- I know some people shoot manual mode and do not like to shoot auto or semi auto because they believe they can control everything, but all they do is shoot in manual mode, dial the aperture and then change the shutter speed until display meter is point to 0 (-|---0---|-)
This could not be
further from the truth.
just out of curiosity, how do you know that it's not true? I know a few photographer friends who do exactly that the vast majority of the time. Or they want to make an adjustment to the exposure of lets say 1/2 stop, so they use manual mode. But as I've pointed out to them it can just as easily be done in aperture preferred mode using EC.
Ok.
The zero does not indicate "proper exposure" it indicates "0ev from reference". What this means is that there is as much light at the meter as there was when the meter was calibrated in the first place, which is 12.5% or 18% reflected light, depending on the meter. You may already know this, but few photographers really realize what that means is pretty unsubstantial.
Zeroing a meter will render whatever is being metered or chosen by the fancy-pants, multi segment is going to be rendered in a similar way to it's calibrated reference. But this says absolutely nothing about the scene itself, and more important how you want the scene to be rendered - and what if there is no middle grey to choose from? The result will be a missed exposure.
Modern in-camera meters do a pretty good job of compensating for the latter, but they do so in accordance of their programming, which is great, especially in situations where you don't have the luxury of diddling around with a spot meter - after all, these systems were developed for the press photographers of the late 20th century who needed fast, objectively accurate and most important predictable results in less than ideal circumstances.

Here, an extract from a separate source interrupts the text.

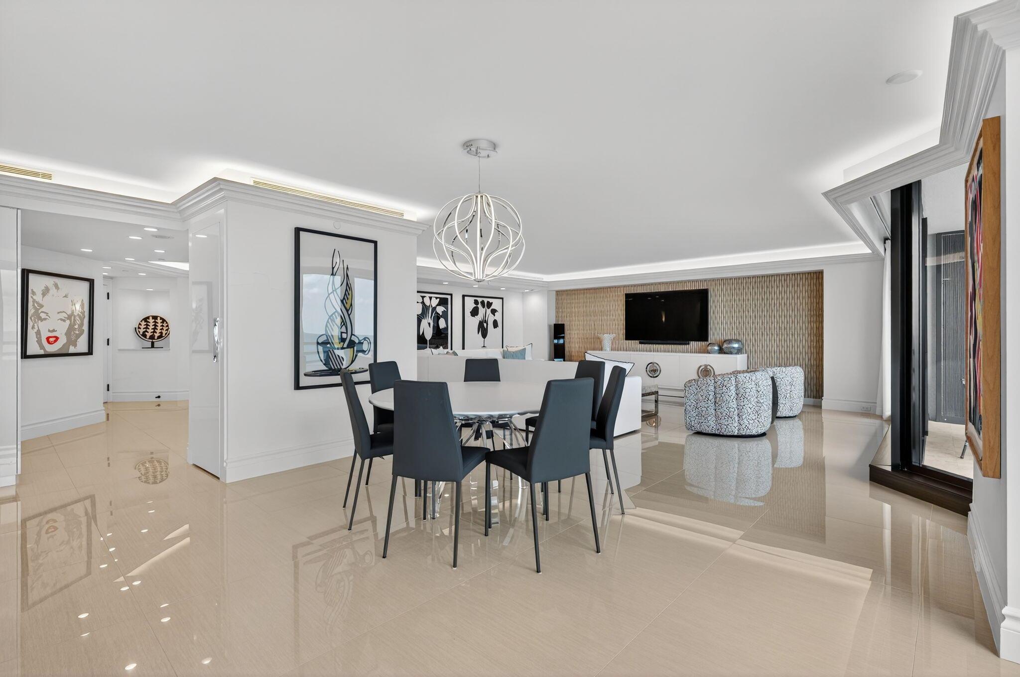 This 3-bedroom, 3-bath masterpiece is the epitome of oceanfront luxury. Upon entering you're welcomed by large format porcelain flooring that leads to the open living spaces w/ forever ocean views. The contemporary kitchen is a chef's dream, equipped w/ high-end Wolf, Miele & KitchenAid appliances; sleek white cabinetry & counters, oversized island & plentiful storage. The pass-through bar includes a fabulous U-Line wine cooler, perfect for seaside entertaining. The oversized primary suite features custom wall trimmings, designer lighting & panoramic city views. The primary bath includes a soaking tub, glass enclosed shower & gorgeous double vanities. 2 guest suites, boast stunning ensuite baths, custom lighting & expansive city vistas.

But in other situations where control is more valued that speed these metering systems are often far from idea. What if you want a near silhouette with ample but subtle shadow detail against a turbulent, yet brightly lit sky? You could use AE and compensate - but by how much would you compensate?
To do this, you could spot meter off the tree. If you dialed in "zero" it would render too bright, and it is likely that the sky would blow out. You could meter off the sky and zero it in, and while the sky might have enough detail, the tree would have no detail at all.
Instead, of just "zeroing" the meter to whatever arbitrary condition it was calibrated, you can use "zero" as a predictable reference. We know that whatever the meter says, by stopping down two or three stops the tree will render how we expect it to. So, to do this, you can meter off the tree, and decrease exposure by two stops - placing it in Zone III. Provided that the highlights aren't blown, you done.
There are better ways to handle this, ofcourse, but every method requires exposure compensation one way or another. And yes. You can certainly do this in AE as well using the EC parameter. However, manual mode works well because you are not fixed to just shutter or aperture adjustment. In manual mode I can consider what the drawbacks and advantages of every change I make in relation to the subject: will increased noise be better than shallow DOF; will increased DOF be better than a shorter exposure; is this photograph even possible in the current circumstances.
But using AE makes it very hard to visualize what each parameter is doing and how they are related. And this is really essential to having complete control over your camera - no matter what metering mode or exposure method is used.